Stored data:
[Start of Attachment]
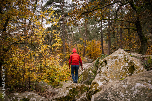 © AUFORT Jérome, Fototapeta premium View on hiker in forest in autumn
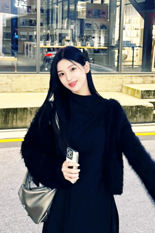 공개된 사진 속 강다은은 올블랙 의상으로 시크하면서도 세련된 나들이 패션을 완벽하게 소화했다.
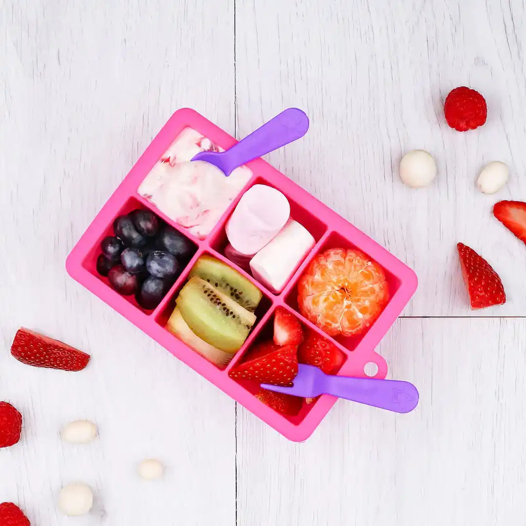 Para comer más cómodamente sin ensuciarse las manitas. Ideales para alimentos como fruta o yogur.
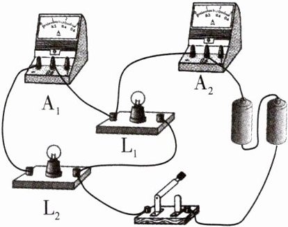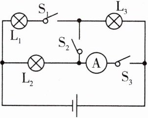 的电流;闭合所有开关时,电流表测灯$L_1、L_2$
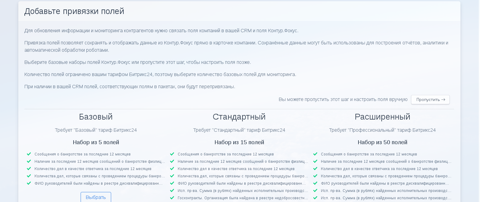Вы можете как выбрать предварительно настроенные наборы полей, так и полностью настроить связку вручную!
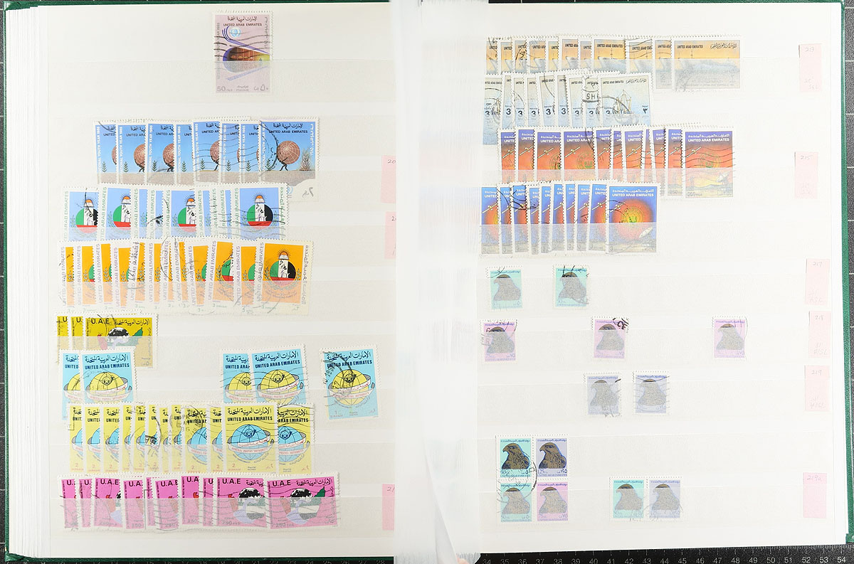 We are pretty sure that you have never seen a used wholesale stock like this before. A "modern" country that didn’t start issuing stamps until 1972, this stock is an extensive offering that is very complete up to about 1990 (often up to 20 of a type) and then spotty to 2010, including a few souvenir sheets and multiples. Starts with a scattering of "UAE" overprints on "Abu Dhabi" issues including #9 and #10. Lots of high values everywhere with individual catalogue values to $50.00, such as #157 (20 copies x $20.00 each), #311-313 (over a dozen groups at $78.00 each). Small print quantities. Middle eastern material is finding a new audience these days. All neatly arranged in 2x 64-page Lighthouse stockbooks. Few faults expected. Estimate =
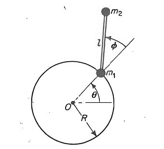 the question is : particles m1 and m2 each of mass m are connected by a massless rod with length l , these particles move on a frictionless horizontal plane as shown in the screen shot , the movement of m1 is fixed on a frictionless circular track of radius R , find the E.O.M !
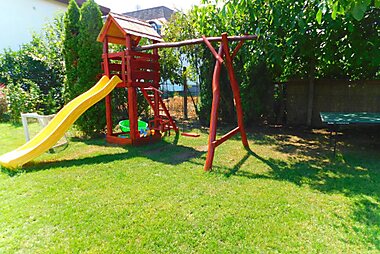 Berta Apartmanházak住宿加早餐旅馆坐落在豪伊杜索博斯洛(Hajdúszoboszló),距离医疗spa中心、露天浴池和温泉公园400米,提供免费WiFi、免费保姆服务以及1个带顶棚露台、烧烤设施和儿童游乐场的大型花园。 Berta…
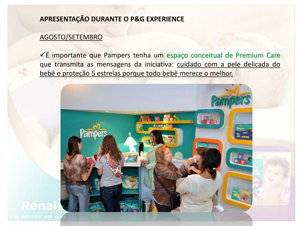 APRESENTAÇÃO DURANTE O P&G EXPERIENCE • AGOSTO/SETEMBRO • É importante que Pampers tenha um espaço conceitual de Premium Careque transmita as mensagens da iniciativa: cuidado com a pele delicada do bebê e proteção 5 estrelas porque todo bebê merece o melhor.
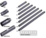 NEW .68 Caliber Recon Barrel. The high quality of these barrels will give you supreme performance on the field! These new Recon Barrels are designed on the outside for looks and engineered on the inside to greatly improve accuracy and reliability. Available in 6 8 10 12 14 16 and 18 This is how the barrel works: the inside of the Tactical Barrel (the bore) consists of many fine cuts that extend for the full length of the barrel. These cuts look like 10 sets of tiny train tracks. The track portion is called the “land.” The portion that is cut away is called the “groove.” The purpose of the land and groove pattern is to “glide and guide” the paintball down the bore as well as provide a “spin-free projection” to stabilize the paintball in flight. The Tactical Barrel will not just make your marker look and feel better but will also enhance your accuracy as well! The outside diameter of this barrel is 1 inch.
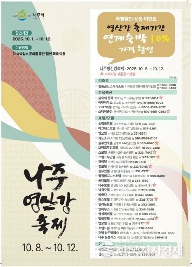 한국시사경제 전남취재본부 | 전라남도 나주시가 오는 10월 8일부터 12일까지 열리는 ‘2025 나주영산강축제’ 기간 동안 지역 숙박업소와 함께하는 숙박 특별할인 상생 이벤트를 마련했다.
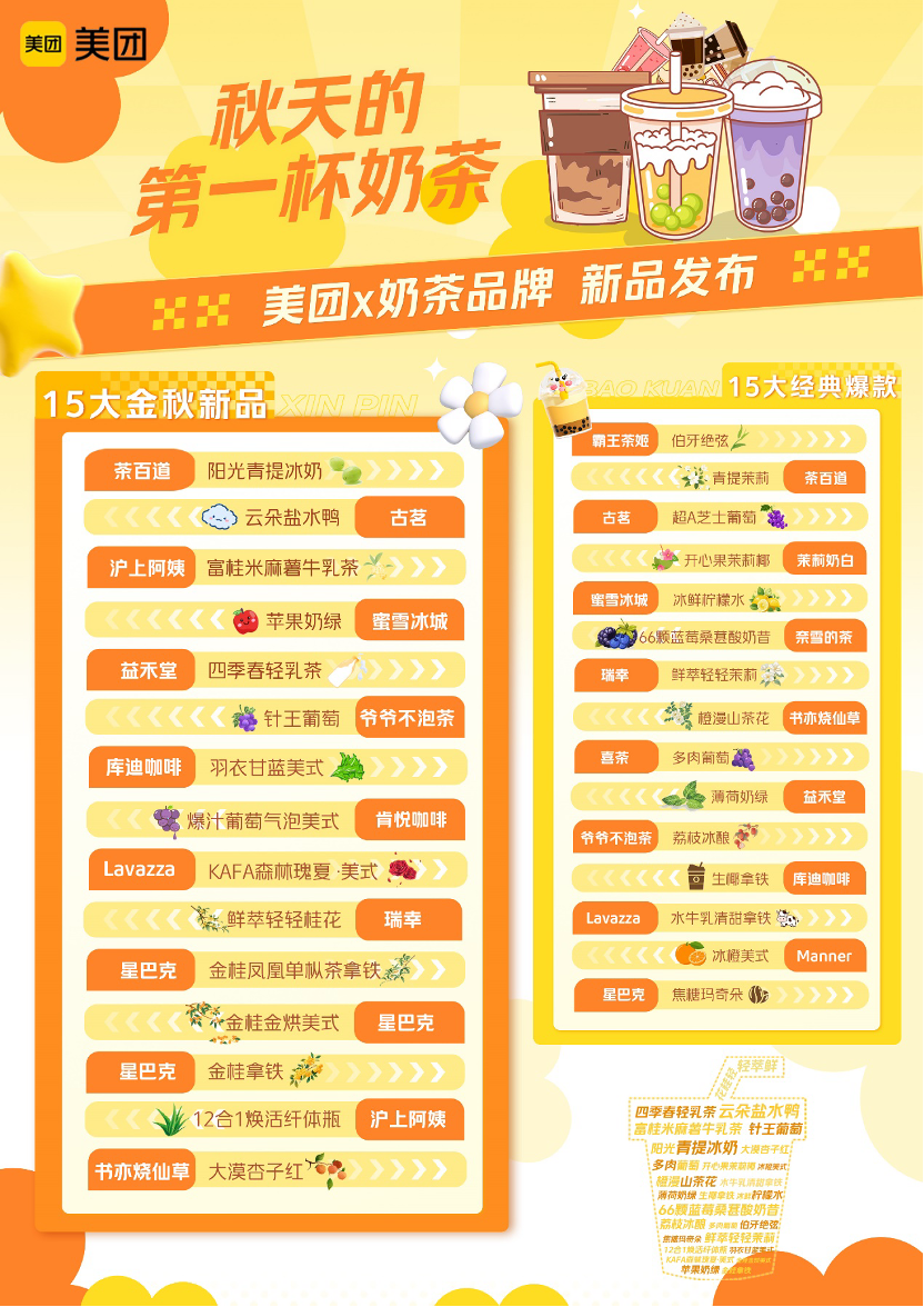 從網(wǎng)絡(luò)熱梗到每年“固定節(jié)目”,受年輕人歡迎的“秋天第一杯奶茶”,已經(jīng)連續(xù)5年帶動(dòng)飲品消費(fèi)潛力釋放,而各茶飲品牌在“秋天第一杯奶茶”期間,通過美團(tuán)進(jìn)行新品首發(fā),已成為行業(yè)重要趨勢(shì)。
[End of Attachment]
### WHAT IS BEING ASKED
Above are the records; restate exactly the lines from the one containing "Para comer más" through the one containing "APRESENTAÇÃO DURANTE O", keeping pictures out.

### SOLUTION
 Para comer más cómodamente sin ensuciarse las manitas. Ideales para alimentos como fruta o yogur.
 的电流;闭合所有开关时,电流表测灯$L_1、L_2$
Вы можете как выбрать предварительно настроенные наборы полей, так и полностью настроить связку вручную!
 We are pretty sure that you have never seen a used wholesale stock like this before. A "modern" country that didn’t start issuing stamps until 1972, this stock is an extensive offering that is very complete up to about 1990 (often up to 20 of a type) and then spotty to 2010, including a few souvenir sheets and multiples. Starts with a scattering of "UAE" overprints on "Abu Dhabi" issues including #9 and #10. Lots of high values everywhere with individual catalogue values to $50.00, such as #157 (20 copies x $20.00 each), #311-313 (over a dozen groups at $78.00 each). Small print quantities. Middle eastern material is finding a new audience these days. All neatly arranged in 2x 64-page Lighthouse stockbooks. Few faults expected. Estimate =
 the question is : particles m1 and m2 each of mass m are connected by a massless rod with length l , these particles move on a frictionless horizontal plane as shown in the screen shot , the movement of m1 is fixed on a frictionless circular track of radius R , find the E.O.M !
 Berta Apartmanházak住宿加早餐旅馆坐落在豪伊杜索博斯洛(Hajdúszoboszló),距离医疗spa中心、露天浴池和温泉公园400米,提供免费WiFi、免费保姆服务以及1个带顶棚露台、烧烤设施和儿童游乐场的大型花园。 Berta…
 APRESENTAÇÃO DURANTE O P&G EXPERIENCE • AGOSTO/SETEMBRO • É importante que Pampers tenha um espaço conceitual de Premium Careque transmita as mensagens da iniciativa: cuidado com a pele delicada do bebê e proteção 5 estrelas porque todo bebê merece o melhor.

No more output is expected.